Walkerton, Virginia is one of those little spots of real estate that barely show up on a map or GPS.  The King & Queen County town was once a busy little port on the Mattaponi River.  As with its upriver sister Aylett, Walkerton’s importance dwindled as more people relied on automobiles.  There is an attractive mill-pond, a couple of historic buildings, and a little gas station/country store to visit.  Civic organizations and the volunteer fire department hold different fundraisers serving delicious barbecue and Brunswick Stew.

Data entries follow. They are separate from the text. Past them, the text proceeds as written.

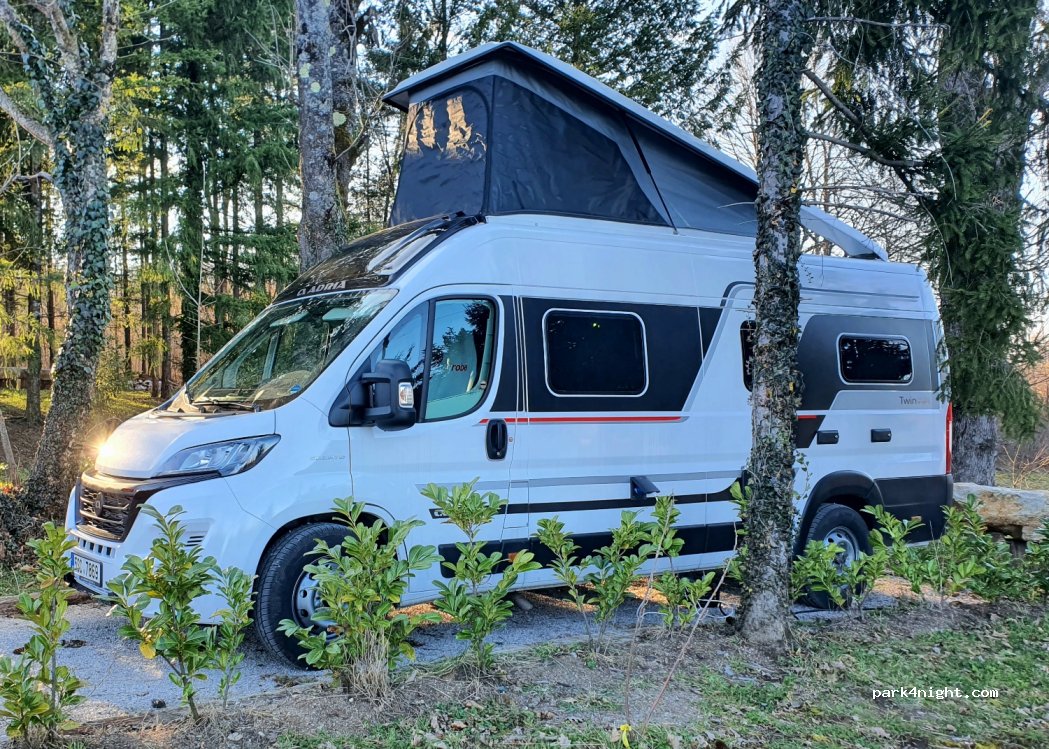 Hezké místo na odpočinek po návštěvě Plitvických jezer. Úžasný klid. Ještě je ve výstavbě, ale sociální zařízení už je hotové. Schází dodělat místo na omývání nádobí a výlevka chemického WC. Ale nevadilo. Bylo to ok. Lze rozdělat oheň. Trochu dražší - 36€ za noc není málo. Ale je otevřeno celoročně. Některá místa vyžadují hodně klínů na vyrovnání.
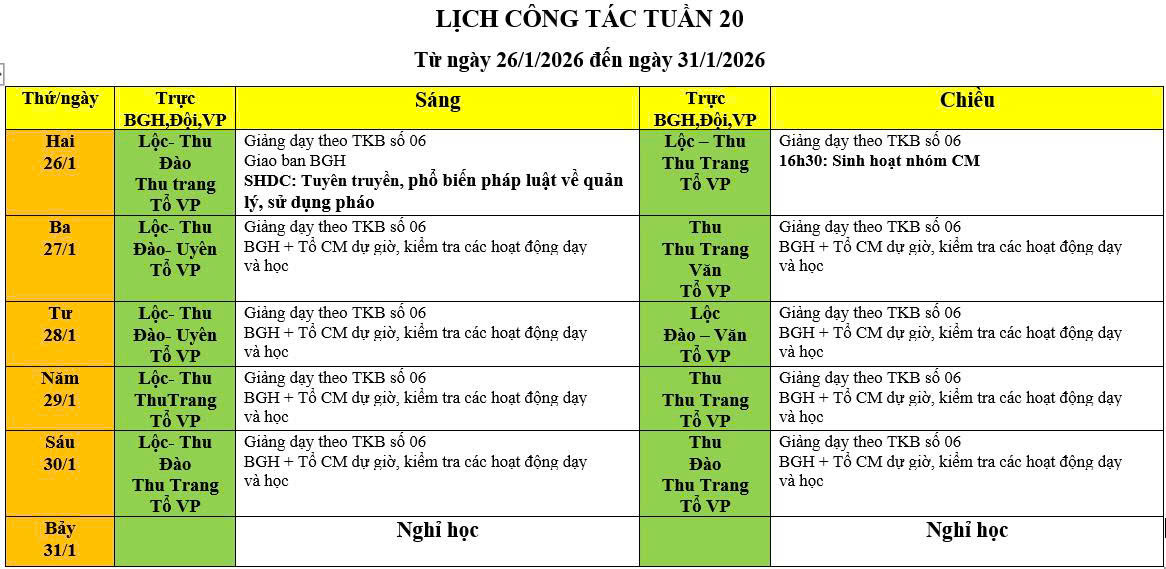 Lịch công tác Tuần 20 (từ ngày 26/01/2026 đến 31/01/2026)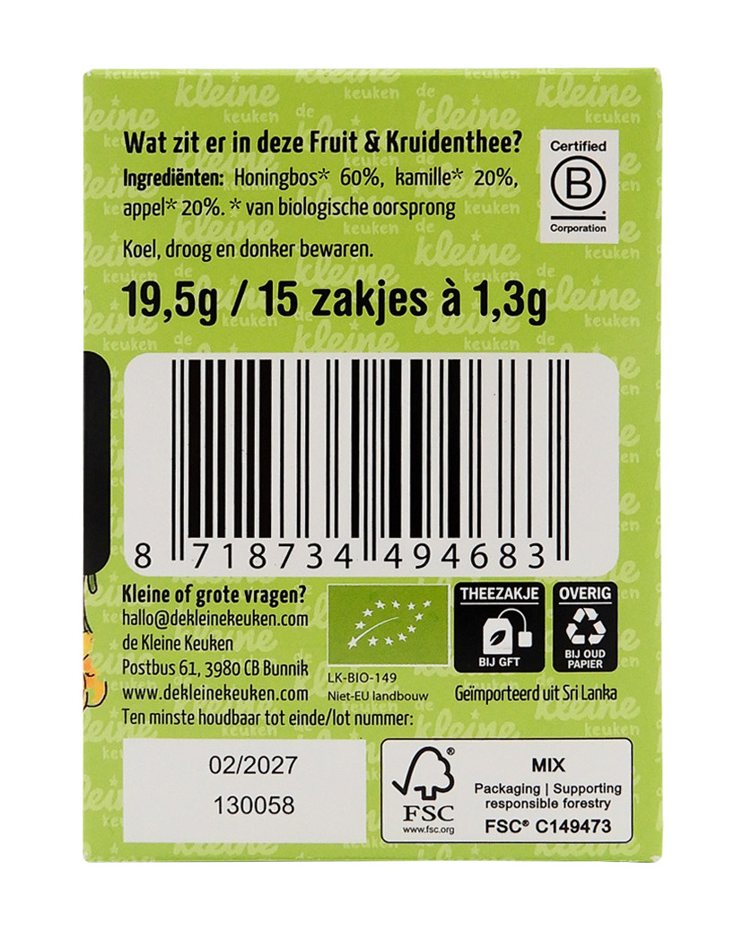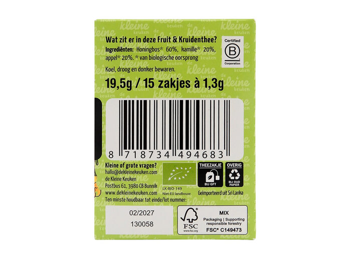 Honigbusch* 60%, Kamille* 20%, Apfel* 20%.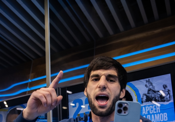 07.05.2023. Россия, Санкт-Петербург, «Газпром Арена». Команда в раздевалке празднует победу в Чемпионате России после матча Мир Российская Премьер-Лига 2022/23, 26-й тур, «Зенит» — «Спартак». На снимке: Арсен Адамов, защитник ФК «Зенит».Автор: Вячеслав Евдокимов / ФК «Зенит»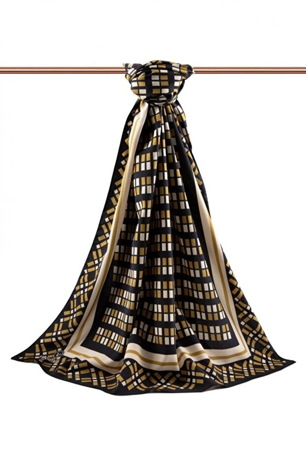 Vissona LÜKS MEDİNE İPEĞİ KARE DESENLİ GOLD RENKLİ 75X195 KIRIŞMAZ ŞAL MOSS KREP DİKİŞ TİPİ İTALYAN DİKİŞLİ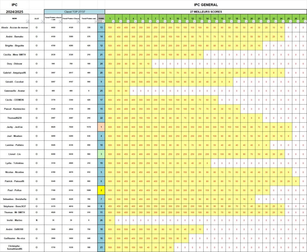 Pas sûr, beaucoup de manches et de points restent à distribuer, mais ça ne va pas être simple d’aller le chercher le JACKY. Bravo à lui, et à MOABEN, qui mine de rien pointe son nez dans le top 5, à la quatrième place, après un début de saison totalement raté. Prometteur tout ça.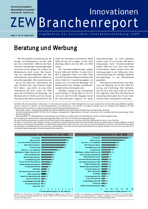 Die wirtschaftliche Entwicklung der Beratungs- und Werbebranche im Jahr 2008 war eher uneinheitlich. Während die Beraterbranche zweistellige Umsatzsteigerungen verbuchen konnte, gingen die Umsätze der Werbebranche leicht zurück. Die Entwicklung der Innovationsaktivitäten war dem uneinheitlichen wirtschaftlichen Umfeld entsprechend gespalten. Die Innovatorenquote - das ist der Anteil der Unternehmen, die neue Produkte oder neue Prozesse eingeführt haben - ging leicht um etwa einen Prozentpunkt auf 39% zurück. Für 2009 waren die Unternehmen der Beratungs- und Werbebranche im Hinblick auf ihre Innovationsbereitschaft wieder zuversichtlicher. Der Anteil der innovativen Unternehmen dürfte 2009 auf über 40% steigen, im Jahr 2010 allerdings wieder unter den Wert von 2008 sinken. Die Innovationsaufwendungen gingen im Jahr 2008 auf 1,86 Mrd. € zurück (-0,15 Mrd. € gegenüber 2007) und sollen 2009 und 2010 auf diesem Niveau verbleiben. Mit einem Anteil der Innovationsausgaben am Umsatz von 1,3% weist die Beratungs- und Werbebranche eine niedrige Innovationsintensität im Branchenvergleich auf. Ebenfalls niedrig ist der Umsatzanteil neuer Produkte. Er betrug 2008 nur 10,7%, nach noch 18,0% in 2007. Dagegen konnte der Branchenumsatz aufgrund von Qualitätsverbesserungen um 3,0% gesteigert werden, nach 2,2% im Vorjahr. Die Kosteneinsparungen durch Prozessinnovationen blieben 2008 mit 2,6% unter dem hohen Vorjahrsniveau. Dabei standen höher Kosteneinsparungen in der Teilbranche Unternehmensberatung sehr niedrigen Rationalisierungserfolgen in der Werbebranche gegenüber. Der Anteil der Unternehmen in der Beratung und Werbung, die im Jahr 2008 Forschung und Entwicklung (FuE) betrieben, war mit 10% zwar etwas höher als im Vorjahr, zeigt aber, dass FuE in der Branche nur eine geringe Rolle spielt. Nur 4% der Unternehmen waren kontinuierlich in FuE tätig.

Mattaponi Reflection (© John Gresham)

From Memorial Day to Labor Day, motorboats dominate the Mattaponi River here.  The river is tidal, but freshwater.  Water-skiing and jet-skiing are very popular with locals and those in the know.  But, things can get a bit congested here and there are a few shallow islands that one has to navigate.  This gets even trickier as the tidal current is said to be one of the swiftest in the state.  Canoeists and kayakers would do well to avoid the town on weekends.

 

Misty Foot Bridge (© John Gresham)

 

Weekdays before the Spring and Summer madness begins is a great time to paddle here.  The local fire dept. has a launch specifically for small craft (please leave a donation) and there is a kiosk of information about this stretch of the river provided by the Mattaponi/Pamunkey Rivers Association.  The freshwater tidal marsh is a fine place to admire the variety of plants growing along the shoreline.  Sunrise and sunset visits offer great opportunities for capturing a beautiful image or two with your camera.  Or, try your luck with a rod and reel.  Walkerton is known for catfish and yellow perch fishing.  But, the bass and bream provide action as well.

From Richmond, take Rt.360 East to Central Garage.  Turn Right on Rt. 30 and left on Rt. 629 (across from Hamilton-Holmes Middle School).